81st Legislature, Regular Session, 2009

  • Decreased M&O compression rate from 88.67 percent to 66.67 percent
  • Collapsed Tier II entitlement from three levels of enrichment funding to two:
    • Level 1 — funding based on the first 6 cents of tax effort above a school district’s CTR
      • Provided the most substantial amount of enrichment funding per WADA
      • Not subject to recapture
    • Level 2 — funding based on each cent of tax effort above a school district’s CTR plus 6 cents
      • Provided less enrichment funding per WADA than Level 1
      • Subject to recapture
      • Established a permanent Existing Debt Allotment
      • Guaranteed $35 per ADA per penny on I&S taxes to pay existing bond debt on instructional and non-instructional facilities61

House Bill 1

82nd Legislature, Regular Session, 2011

  • Reduced public education funding by an estimated $5.4 billion
  • Set Aug. 31, 2017 as the expiration date for Additional State Aid for Tax Reduction62

Senate Bill 1

83rd Legislature, Regular Session, 2013

  • Increased public education funding by an estimated $3.6 billion63

House Bill 21

85th Legislature, First Called Session, 2017

  • Established the Texas Commission on Public School Finance:
    • 13 members
    • Duties include addressing policy issues in public education and recommending improvements to current school finance system
    • Expired Jan. 8, 2019
  • Provided additional state aid to qualifying charter schools
  • Created grant programs for school districts with financial hardships and for students with certain intellectual disabilities
  • Established a six-year transition plan to combine the small and mid-size district adjustments into a single small district adjustment64

Quality and Effectiveness

In addition to shaping public school finance, the above legislation addressed aspects of school quality and effectiveness. The 1949 Gilmer-Aikin Laws, for instance, established the first minimum salary requirement for all Texas public school teachers and guaranteed students basic educational opportunities for at least 175 days per year for 12 years.

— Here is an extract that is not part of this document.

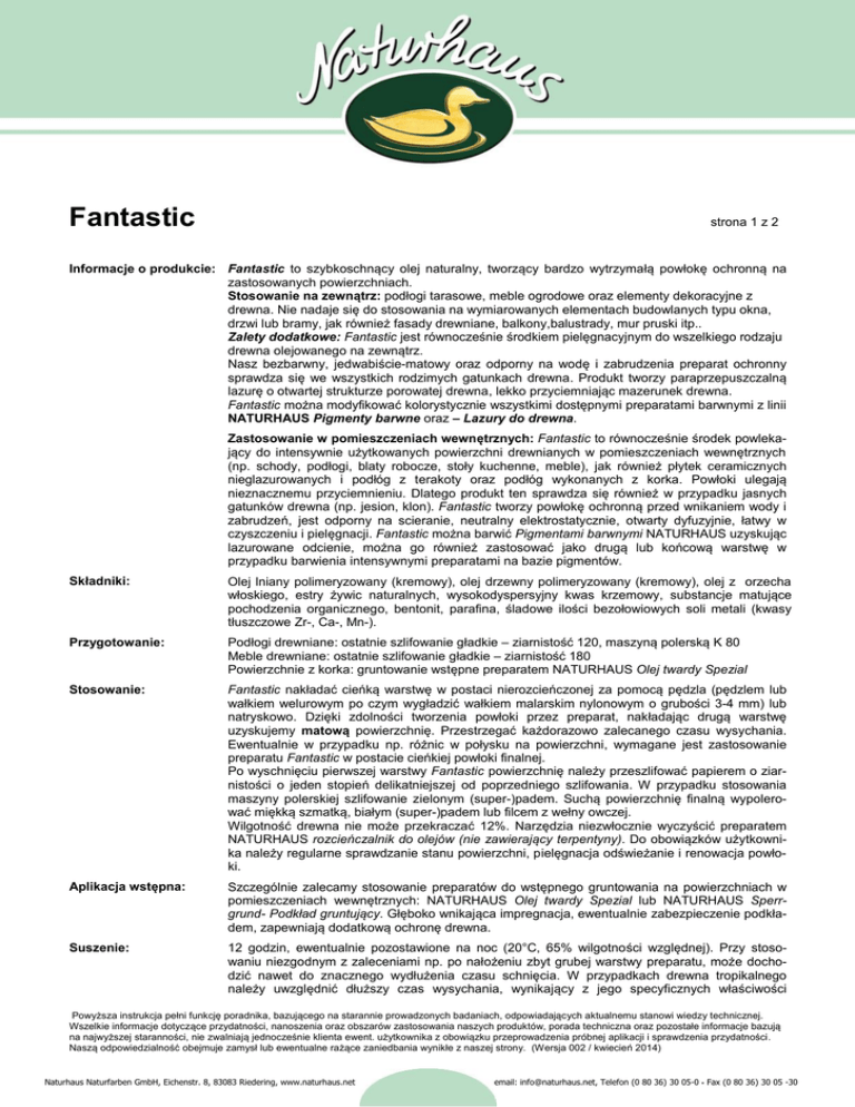 Fantastic strona 1 z 2 Informacje o produkcie: Fantastic to szybkoschnący olej naturalny, tworzący bardzo wytrzymałą powłokę ochronną na zastosowanych powierzchniach. Stosowanie na zewnątrz: podłogi tarasowe, meble ogrodowe oraz elementy dekoracyjne z drewna. Nie nadaje się do stosowania na wymiarowanych elementach budowlanych typu okna, drzwi lub bramy, jak również fasady drewniane, balkony,balustrady, mur pruski itp.. Zalety dodatkowe: Fantastic jest równocześnie środkiem pielęgnacyjnym do wszelkiego rodzaju drewna olejowanego na zewnątrz. Nasz bezbarwny, jedwabiście-matowy oraz odporny na wodę i zabrudzenia preparat ochronny sprawdza się we wszystkich rodzimych gatunkach drewna. Produkt tworzy paraprzepuszczalną lazurę o otwartej strukturze porowatej drewna, lekko przyciemniając mazerunek drewna. Fantastic można modyfikować kolorystycznie wszystkimi dostępnymi preparatami barwnymi z linii NATURHAUS Pigmenty barwne oraz – Lazury do drewna. Zastosowanie w pomieszczeniach wewnętrznych: Fantastic to równocześnie środek powlekający do intensywnie użytkowanych powierzchni drewnianych w pomieszczeniach wewnętrznych (np. schody, podłogi, blaty robocze, stoły kuchenne, meble), jak również płytek ceramicznych nieglazurowanych i podłóg z terakoty oraz podłóg wykonanych z korka. Powłoki ulegają nieznacznemu przyciemnieniu. Dlatego produkt ten sprawdza się również w przypadku jasnych gatunków drewna (np. jesion, klon). Fantastic tworzy powłokę ochronną przed wnikaniem wody i zabrudzeń, jest odporny na scieranie, neutralny elektrostatycznie, otwarty dyfuzyjnie, łatwy w czyszczeniu i pielęgnacji. Fantastic można barwić Pigmentami barwnymi NATURHAUS uzyskując lazurowane odcienie, można go również zastosować jako drugą lub końcową warstwę w przypadku barwienia intensywnymi preparatami na bazie pigmentów. Składniki: Olej lniany polimeryzowany (kremowy), olej drzewny polimeryzowany (kremowy), olej z orzecha włoskiego, estry żywic naturalnych, wysokodyspersyjny kwas krzemowy, substancje matujące pochodzenia organicznego, bentonit, parafina, śladowe ilości bezołowiowych soli metali (kwasy tłuszczowe Zr-, Ca-, Mn-). Przygotowanie: Podłogi drewniane: ostatnie szlifowanie gładkie – ziarnistość 120, maszyną polerską K 80 Meble drewniane: ostatnie szlifowanie gładkie – ziarnistość 180 Powierzchnie z korka: gruntowanie wstępne preparatem NATURHAUS Olej twardy Spezial Stosowanie: Fantastic nakładać cieńką warstwę w postaci nierozcieńczonej za pomocą pędzla (pędzlem lub wałkiem welurowym po czym wygładzić wałkiem malarskim nylonowym o grubości 3-4 mm) lub natryskowo. Dzięki zdolności tworzenia powłoki przez preparat, nakładając drugą warstwę uzyskujemy matową powierzchnię. Przestrzegać każdorazowo zalecanego czasu wysychania. Ewentualnie w przypadku np. różnic w połysku na powierzchni, wymagane jest zastosowanie preparatu Fantastic w postacie cieńkiej powłoki finalnej. Po wyschnięciu pierwszej warstwy Fantastic powierzchnię należy przeszlifować papierem o ziarnistości o jeden stopień delikatniejszej od poprzedniego szlifowania. W przypadku stosowania maszyny polerskiej szlifowanie zielonym (super-)padem. Suchą powierzchnię finalną wypolerować miękką szmatką, białym (super-)padem lub filcem z wełny owczej. Wilgotność drewna nie może przekraczać 12%. Narzędzia niezwłocznie wyczyścić preparatem NATURHAUS rozcieńczalnik do olejów (nie zawierający terpentyny). Do obowiązków użytkownika należy regularne sprawdzanie stanu powierzchni, pielęgnacja odświeżanie i renowacja powłoki. Aplikacja wstępna: Szczególnie zalecamy stosowanie preparatów do wstępnego gruntowania na powierzchniach w pomieszczeniach wewnętrznych: NATURHAUS Olej twardy Spezial lub NATURHAUS Sperrgrund- Podkład gruntujący. Głęboko wnikająca impregnacja, ewentualnie zabezpieczenie podkładem, zapewniają dodatkową ochronę drewna. Suszenie: 12 godzin, ewentualnie pozostawione na noc (20°C, 65% wilgotności względnej). Przy stosowaniu niezgodnym z zaleceniami np. po nałożeniu zbyt grubej warstwy preparatu, może dochodzić nawet do znacznego wydłużenia czasu schnięcia. W przypadkach drewna tropikalnego należy uwzględnić dłuższy czas wysychania, wynikający z jego specyficznych właściwości Powyższa instrukcja pełni funkcję poradnika, bazującego na starannie prowadzonych badaniach, odpowiadających aktualnemu stanowi wiedzy technicznej. Wszelkie informacje dotyczące przydatności, nanoszenia oraz obszarów zastosowania naszych produktów, porada techniczna oraz pozostałe informacje bazują na najwyższej staranności, nie zwalniają jednocześnie klienta ewent. użytkownika z obowiązku przeprowadzenia próbnej aplikacji i sprawdzenia przydatności. Naszą odpowiedzialność obejmuje zamysł lub ewentualne rażące zaniedbania wynikłe z naszej strony. (Wersja 002 / kwiecień 2014) Naturhaus Naturfarben GmbH, Eichenstr. 8, 83083 Riedering, www.naturhaus.net email: [email protected], Telefon (0 80 36) 30 05-0 Fax (0 80 36) 30 05 -30 Fantastic strona 2 z 2 fizycznych; przeprowadzić próbne zastosowanie. Funkcjonalność: Fantastic uzyskuje maksymalną trwałość w procesie twardnięcia po ok. 14 dniach, przy zachowaniu temperatury pokojowej (20°C, 65% wilgotności względnej). W okresie pierwszych 3-4 dni, powierzchnia nie może być stale przykryta (np. dywanem, obrusem, innymi elementami meblowymi itp.), czyszczenie wyłącznie na sucho. Jeśli z aspektu techniczno-budowlanego przykrycie jest nieodzownie konieczne, co ma miejsce w przypadku, gdy realizowane są kolejne etapy budowlane, wówczas trzeba uwzględnić, iż jest to możliwe najwcześniej po 3-4 dniach. Materiał okrywający musi być wodoszczelny, odporny na zdarcia i uderzenia oraz jeśli to możliwe, dyfuzyjnie otwarty. Po jego usunięciu konieczne jest zastosowanie preparatu pielęgnacyjnego Refresher. Czyszc

House Bill 72 (68th Legislature, Second Called Session, 1984) attempted to attract and retain high-quality teachers by increasing salaries, creating a merit-based career ladder and requiring competency exams. The law also attempted to improve student accountability by requiring school districts to restrict the number of allowable absences, employ discipline management programs and administer exit exams to graduating students.

Senate Bill 1 (71st Legislature, Fourth Called Session, 1990) devoted entire articles to amending state law relating to school accountability, efficiency and performance incentives.